Notebook Code: License: MIT Notebook Prose: License: CC BY 4.0


The meat of hplc-py is its ability to take in windowed regions of a chromatogram and fit a number of peaks such that the chromatogram in that region is well reconstructed. As is the theme in these notebooks, it’s easier to look at a chromatogram and see what the reconstituted signals should like than to do it quantitatively.

Ideally, one would have a physical model that would describe how an analyte interacts with the stationary phase of the chromatography column and a generative model that would capture the statistical distribution of the measurements as a function of time. However, having this in chromatography is exceedingly rare, so we are left with phenomenological descriptions of peak shape that we relate to chemical species and concentrations through calibration curves and control experiments. This is what hplc-py excels at–phenomenological quantitative description of signals in a chromatogram. It is important to note that hplc-py does not provide a model of the components of the chromatogram but rather fits the parameters of a minimal number of convolved signals that can capture the observed data in the chromatogram. In this notebook, we outline how this fitting procedure is executed and how the total chromatographic signal is reconstructed.
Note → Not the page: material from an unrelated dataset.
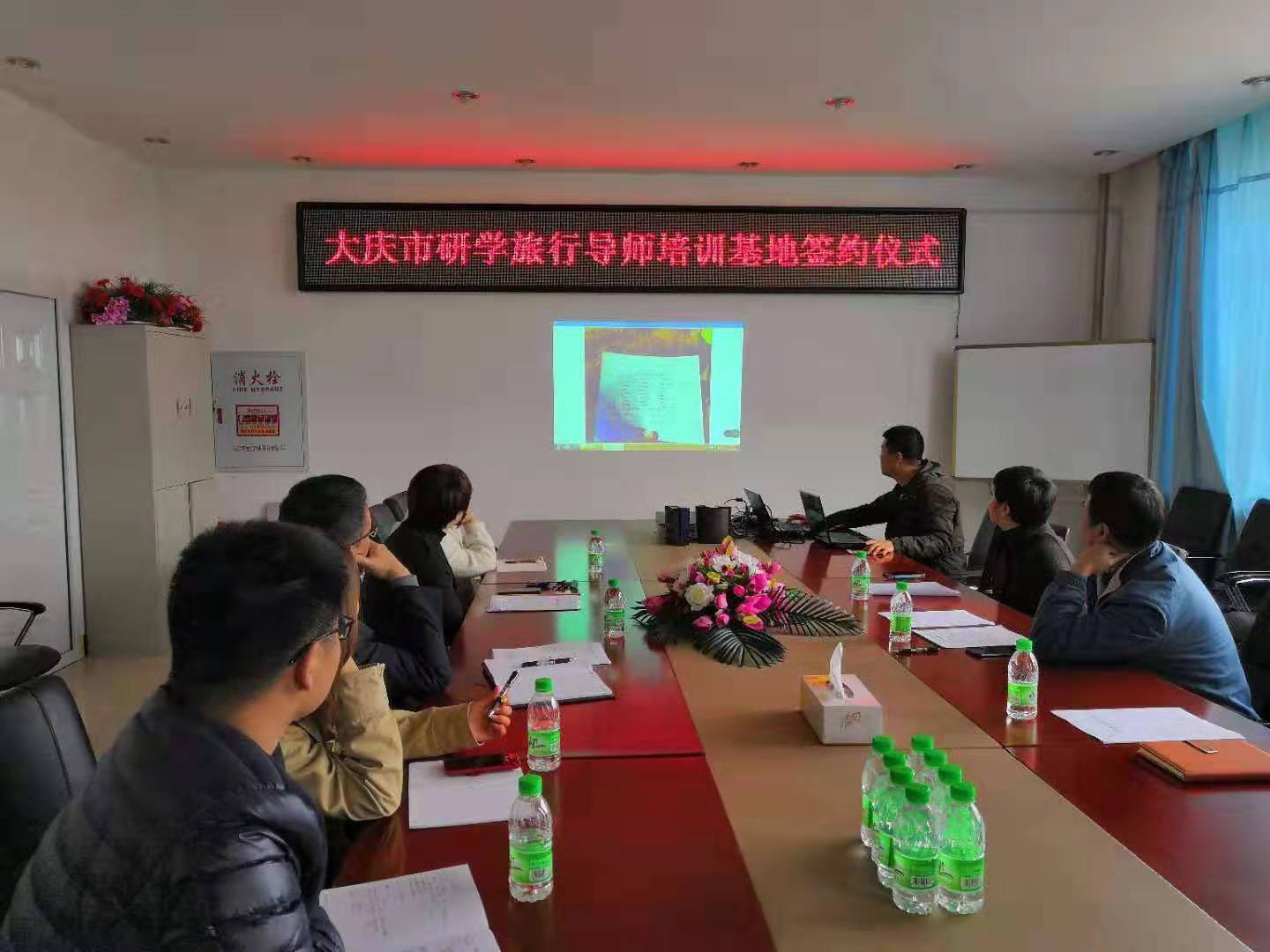 2019年10月28日上午9点,“大庆市串联行知研学指导教师培训基地”签约授牌仪式在公司会议室举行,刘楠经理、行知研学教育公司郭总、研学导师张孟楠、大庆广电旅行社初总参加签约仪式。仪式由旅游管理系主任车鑫主持,旅游管理系骨干教师参与讨论。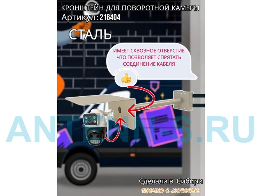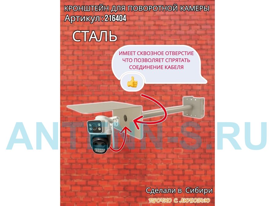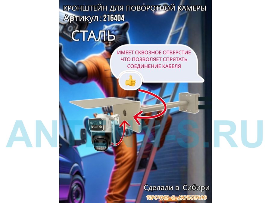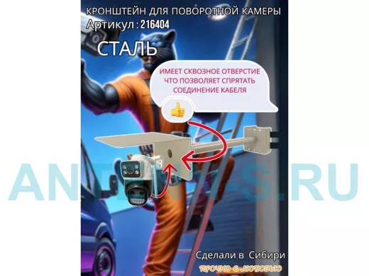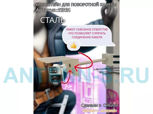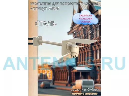 - Стальной кронштейн позволяет вынести камеру от столба на 50 см.

The Skew-Normal Distribution

In hplc-py, we consider that each detected maximum in a chromatogram results from a single compound \(i\) whose time-dependent signal intensity \(S_i\) can be phenomenologically well described by an amplitude-weighted skew normal distribution. Mathematically, this is defined as

\[S_i(t) = \frac{A}{\sqrt{2\pi\sigma_i^2}} \exp\left[\frac{(t - \tau_i)^2}{2\sigma_i^2}\right]\left[1 + \text{erf}\left(\frac{\alpha_i (t - \tau_i)}{\sqrt{2\sigma^2}}\right)\right], \tag{1}\]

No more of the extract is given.